Z-score Calculations Introduction
One of the challenges in preparing for the AP® Statistics exam is that the concepts build upon one another. Some statistical tests involve several steps, combining earlier and simpler concepts into more complex ones. As a result, failing to understand any one of the earlier ideas in the course can mean big trouble when it comes time for the exam. Z-score calculations are a perfect example of this. As one of the core skills in AP® Statistics, z-score calculations require you to combine much of what is covered in the first half of the course. Use this AP® Statistics review to be sure you understand everything you need to beat z-score questions on the exam. We will tell you all of the concepts related to z-scores, show you how to perform z-score calculations using sample questions, and explain percentiles in a normal distribution.
What is a Z-score?
A z-score shows you the distance between an observed score and the mean in units of standard deviations. These terms may sound a bit complicated right now if they are new to you. However, it's very simple to perform once you understand all of the concepts that lead up to z-score calculations.
Ingredients for Z-score Calculations
Performing statistical tests, like z-score calculations, is a bit like cooking. All you need to do is follow the recipe, but first, you need to have all the ingredients! Below are all the concepts you should understand in order to fully grasp z-score calculations. We'll review these ingredients first to find out where your gaps in knowledge are. Then, we'll go over the major concepts one at a time.
- Frequency Distributions
- Density Curves & Probability
- Normal Distribution
- Mean and Standard Deviation
- P-values
Frequency Distributions
A frequency distribution is a table showing the number of observations of each outcome along a given dimension. It can be represented graphically in several ways, including histograms and line charts. For example, we may measure the number of students in our class of 50 students who earned each possible letter grade, which could look like this:
Letter grade | A | B | C | D | F |
Number grade | 90-100 | 80-90 | 70-80 | 60-70 | <60 |
Number of students | 5 | 10 | 20 | 10 | 5 |
Plotted as a histogram, it would look like this:
Density Curves & Probability
A density curve looks similar to a frequency distribution, but it represents the probability of observing each of the outcomes. Probabilities are fractions of 1. To understand this, consider the probability of observing the grade A in the example above. There are 50 students, and 5 of them earned A's, so the probability of observing an A in this class is \dfrac{5}{50} = \dfrac{1}{10}=0.1. Below, we've plotted the probability of each outcome to illustrate that the total probability adds up to 1.
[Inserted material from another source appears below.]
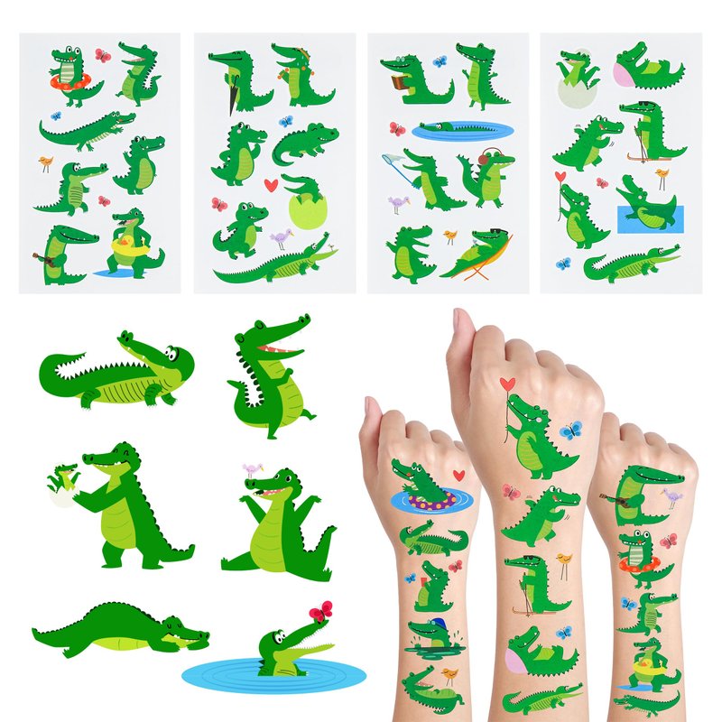 24 Sheets Crocodile Alligator Temporary Tattoos, Birthday Decorations Crocodile Alligator Party Favors

Letter grade | A | B | C | D | F | Total |
Number grade | 90-100 | 80-90 | 70-80 | 60-70 | <60 | |
Probability | 0.1 | 0.2 | 0.4 | 0.2 | 0.1 | 1.0 |
Plotted as a curve, it looks something like this:
Since the total probability of all possible outcomes is 1, the area under the curve is also 1. With z-scores, we will use the concept of area under the curve to determine the probability of various outcomes.
Standard Normal Distribution
A normal distribution is one that is symmetrical and bell-shaped, like the examples we've seen here. The standard normal distribution is a special type, having a mean of 0 and a standard deviation of 1, like the one below. In calculating z-scores, we convert a normal distribution into the standard normal distribution—this process is called "standardizing." Since distributions come in various units of measurement, we need a common unit in order to compare them. The standard unit used to compare different distributions is the standard deviation.
Mean and Standard Deviation
The mean and the standard deviation are the two main ingredients that go into calculating the z-score. The mean is a measure of the center of a distribution (see our other blog post for a review of means). The standard deviation is a measure of the spread of a distribution—it shows the average distance of each observation from the mean.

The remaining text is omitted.